Яркие, крупные звезды точно смигивали слезы, глядя на этот несчастный, заброшенный уголок земли. Белой яркой полосой вырезался Млечный Путь, а на севере вспыхивали бесшумные зарницы начинающегося северного сияния. Черной стеной стоял лес, белая пелена снега постепенно переходила к горизонту в серую и терялась в дымке дали. Все молчало, охваченное глубоким сном, скованное жестоким морозом. Тщетно ухо ловило хоть какой-нибудь звук — все было тихо, точно на сотни верст не было и признака жилья…

Резко выделялись черными силуэтами три фигуры и внимательно смотрели на север, где все сильнее разгоралось северное сияние. Громадные столбы откуда то выростали, сшибались, разлетались искрами, а на этом подвижном фоне шло беспрерывное мелькание каких-то бледных, холодных молний. Чудная картина не тронула и не увлекла привычных наблюдателей, они вывели только свое заключение.

— Это к холоду, — сказал Семка.

— Да, — согласился Иван.

А Агафья ничего не сказала и только утвердительно кивнула головой.

После этого им не оставалось ничего более делать, как итти обратно к очагу и наблюдать за игрой огня. Ивану несколько раз приходила мысль о жене, но бутылка была так заманчива, что он предпочел перенести свалку, чем расстаться с ней. Тем более, что мороз остудил избу и требовалось согреться, пока огонь не сделает своего дела.

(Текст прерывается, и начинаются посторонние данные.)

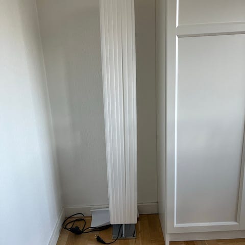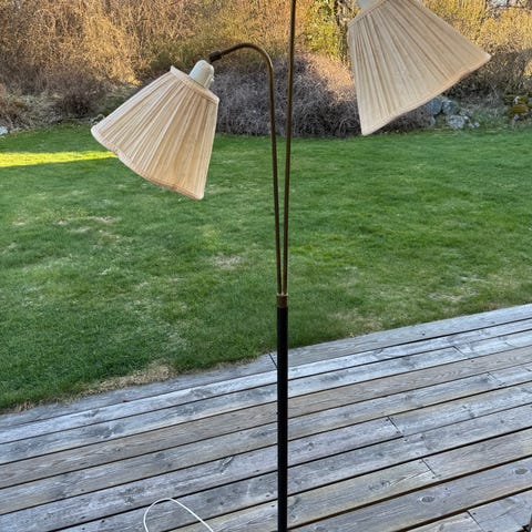 Golvlampa från IKEA med tre vita tygskärmar och svart stativ. Drivs med sladd och har strömbrytare nere vid foten. som ny

Семка налил себе, а когда Иван хотел последовать его примеру, остановил его и снова поднес ему. Распухшие пальбы Ивана пришли ему на память и он сказал:

— У тебя руки, верно, болят?

— Ломит, ох, как ломит… — произнес Иван, и ему вдруг сделалось грустно, что никто не пожалеет его, когда у него ломит руки, а только все смеются над ним и даже иногда бьют его…

Семка, качаясь, запел бессвязную песню, в которой воспевал себя и свое будущее богатство. — Вот едет русский купец, — пел он, — едет к Семке покупать лисьи шкуры. Даст он за них много-много денег. Настанет зима, и Семка убьет десять самых темных, как ночь, лисиц. Русский купец даст Семке все свои деньги, и станет Семка самым богатым человеком. Он больше не будет ходить на охоту, и его ружья будут висеть незаряженными, зачем ему их заряжать, когда он самый богатый человек. Он каждый день пьет вино, сколько ему хочется, и шаманы пляшут у него с бубнами и погремушками. А он делается все богаче и богаче… — Песня Семки постепенно замирала, замирала и наконец смолкла.

Последним сознательным движением Семки было взяться за бутылку, но она была уже пуста. Он склонился на пол и почти мгновенно захрапел. Ему вторили Иван и Агафья, заснувшие раньше его…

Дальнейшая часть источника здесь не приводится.